The secret drivers of tree growth

Most of the world’s tree species have a close relationship with the fungi, known as ectomycorrhizae, that grow on their roots. These form a dense network around the fine roots, supplying the trees with nutrients and protecting them from pathogens. In return, the fungi receive energy in the form of carbohydrates, which the trees produce via photosynthesis. Scientists have known about this mutualistic relationship for a long time.

What has been missing, however, is a full understanding of the extent to which ectomycorrhizal fungi influence the growth of mature trees and whole forests. It has long been assumed that physical factors such as temperature, rainfall and anthropogenic nitrogen input into the soil were the principal factors influencing tree growth, while the effect of the fungal communities hidden underground has been hard to measure and over-looked.

Three times faster growth

But now, postdoc Mark Anthony and fellow members of the group led by Tom Crowther, Professor of Global Ecosystem Ecology at ETH Zurich, have changed all that. Studying five species of the most common European forest trees, they show that differences in fungal communities are linked to even greater variation in tree growth than local climate conditions and anthropogenic nitrogen inputs. The study was recently published in the journal ISME.

“Differences in ectomycorrhizal fungal communities correspond to a tree-fold increase in tree growth rates. These fungi also provide a clearer ecological explanation for differences in tree growth compared to other factors such as temperature and rainfall,” says Mark Anthony, lead author of the study.

Fungal fertilisers

The fastest growing trees were found where ectomycorrhizal fungal communities are highly adapted to extract the inorganic nitrogen compounds ammonium and nitrate from soil and make these available to the trees. Inorganic nitrogen is found in most fertilisers, is the most energetically beneficial form of nitrogen, and is an excellent growth promoter of plants.

There was slower growth in forest trees where local ectomycorrhizal fungal communities are adapted to supply trees with nitrogen from organic sources. This type of nitrogen is found in dead, decaying biomass in the ground. To release it, the fungi must first generate special enzymes to depolymerize and break down the biomass. Doing this costs the fungi more energy than directly tapping inorganic nitrogen from the soil and in turn it also costs trees more. Since fungi that tap organic nitrogen draw their required energy from tree partners, the trees themselves are left with less energy to devote to their own growth.
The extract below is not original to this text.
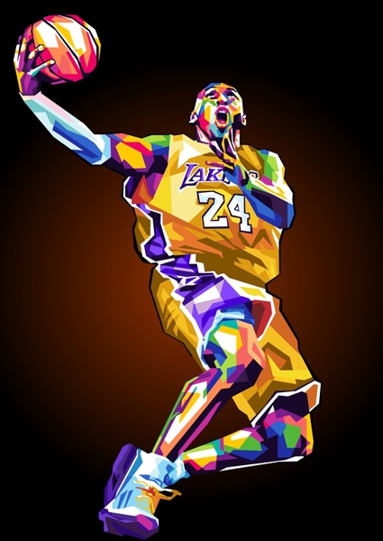 "Légende du panier" poster de Shichiro Ken. Explosion de couleurs et de mouvement, cette œuvre capte un instant mythique du basket, slam dunk en plein vol. Le joueur, vêtu du mythique maillot jaune des Lakers, se découpe en formes géométriques vives, presque digitales. Ça pulse, ça claque. Une vibe pop art qui claque contre le fond sombre, comme un éclair dans la nuit. Un hommage vibrant à la légende, aux fans et à l’énergie brute du sport. Bref, ça envoie du lourd.

Identifying fungi and their functions

To gain these new insights, the researchers identified the ectomycorrhizal fungi present in soil samples across 137 European forest monitoring plots. They then paired each type of fungus present with its fully sequenced genome to determine the function each one has within the overall forest ecosystem. Finally, they correlated the various functions of the fungi with decades of tree growth data to reveal the relationship between ectomycorrhizal fungi and tree growth. The species of tree investigated included the deciduous trees oak and beech as well as the conifers pine and spruce.

Inoculating tree seedlings with ideal fungi

The team’s findings will have an impact on future research and on forestry itself. Researchers can now identify the types of fungi and their properties that will allow trees to grow faster, or indeed slower. In this way, this study can help the forestry sector to inoculate certain woodlands using specific fungal communities in order to effect targeted changes in tree growth.

“Inoculating tree seedlings with fungi is already an established practice. Our work provides a solid scientific basis for this practice and can help improve it,” Anthony says.

He also envisages applications related to climate change and rapidly changing ecological conditions. First, faster tree growth could present a quick way of absorbing more carbon from the atmosphere. Second, some trees no longer grow well in certain areas due to global change; new fungal partners could be sought for these trees to help them survive.

Survival advantage in the future climate

“In the future, fungal communities that utilise organic nitrogen could be advantageous for many species of tree,” Anthony says. This is because rising temperatures and CO₂ concentrations promote plant growth. To grow faster, trees draw on easily obtainable inorganic nitrogen. In doing so, they deplete stores of this kind of nitrogen more quickly, which in turn could slow long-term growth. This is in contrast to the fungal communities that utilise organic nitrogen, which is more abundant in the soil albeit harder to access. The right fungi could ensure that their tree partner grow steadily into the future by capturing this organic nitrogen over the long term.